La relation entre André Breton et Louis Aragon illustre des divergences fondamentales dans leur approche du surréalisme, entremêlées à une fraternité amicale, et une rivalité souvent inconsciente. Olivier Barbarant constate : « Breton envisageait le surréalisme principalement comme une révolution mentale, une forme radicale d'émancipation à travers la remise en question de la conscience et du langage. Il portait une méfiance envers l'instrument du langage, craignant que sa manipulation consciente ne le ramène vers une littérature conventionnelle plutôt qu'une libération des contraintes psychiques. Aragon, en revanche, trouvait son émancipation à travers la littérature elle-même. »
À l'inverse de la figure principale du mouvement, où le rêve est quête de vérité, éthique et révolutionnaire, chez l'auteur d'Aurélien, il est élan de l'imaginaire à travers l'écriture, propulsant le lecteur dans une expérience qui se veut inouïe.
Ô grand Rêve, au matin pâle des édifices, ne quitte plus attiré par les premiers sophismes de l’aurore ces corniches de craie où t’accoudant tu mêles tes traits purs et labiles à l’immobilité miraculeuse des Statues ! Écarte ces clartés intolérables, ces saignements du ciel qui éclaboussent depuis trop longtemps mes yeux.
Ta pantoufle est dans mes cheveux, génie au visage fumé, ténèbre éclatante entourée à mon souffle. Empare-toi du reste de ma vie, marée montante à l’écume de fleurs. Des présages par-dessus des tours, des visions au fond de mares d’encre, dans la poussière du café, des migrations d’oiseaux sur la latéralité des devins, des cœurs consultés par des doigts sanglants, des rumeurs, annoncent – les temps se déroulent des draperies – ton règne et ton cyclone, adorable sirène, clown incomparable des cavernes, ô songe adossé au corail, couleur des chutes, odeur du vent !
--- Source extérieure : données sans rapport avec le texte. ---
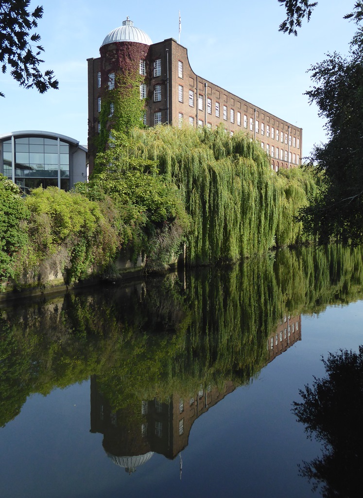 Besides connecting and protecting Norwich, the Wensum fuelled many types of work. Brewing, printing, and shoemaking all relied on a constant supply of water. The river’s major use though was making textiles. Across the river is a legacy of this industry, St James Mill.

- Une vague de rêves, de Louis Aragon
Rejetant tant l'idéalisme kantien que le positivisme, ainsi que leurs interprétations par ce qu'il nomme les « réalistes honteux », Louis Aragon embrasse ce qu'il nomme le « nominalisme absolu ». Il part du principe « qu’il n’y a de pensée que dans les mots ». Il est alors, de son point de vue, nécessaire de mener à son terme cette réflexion philosophique en reconnaissant que la « matière mentale », révélée par les expériences d'écriture ou de sommeil; et dont la pensée n'est qu'une manifestation, correspond en fait au « vocabulaire même ».
Cette substance psychique, notable pour son aptitude à la « concrétion », ouvre la voie à une nouvelle réalité peuplée par les « présidents de la République du rêve », pionniers de cet espace onirique, et par les rêveurs qui l'habitent : Saint-Pol Roux, Raymond Roussel, Philippe Daudet, Germaine Berton, Saint-John Perse, Pablo Picasso, Giorgio De Chirico, Pierre Reverdy, Jacques Vaché, Léon-Paul Fargue, Sigmund Freud...
Nous nous plaisions à observer la courbe de nos fatigues, l’égarement qui les suivait. Puis les prodiges apparurent. D’abord chacun de nous se croyait l’objet d’un trouble particulier, luttait contre ce trouble. Bientôt sa nature se révéla. Tout se passait comme si l’esprit parvenu à cette charnière de l’inconscient avait perdu le pouvoir de reconnaître où il versait.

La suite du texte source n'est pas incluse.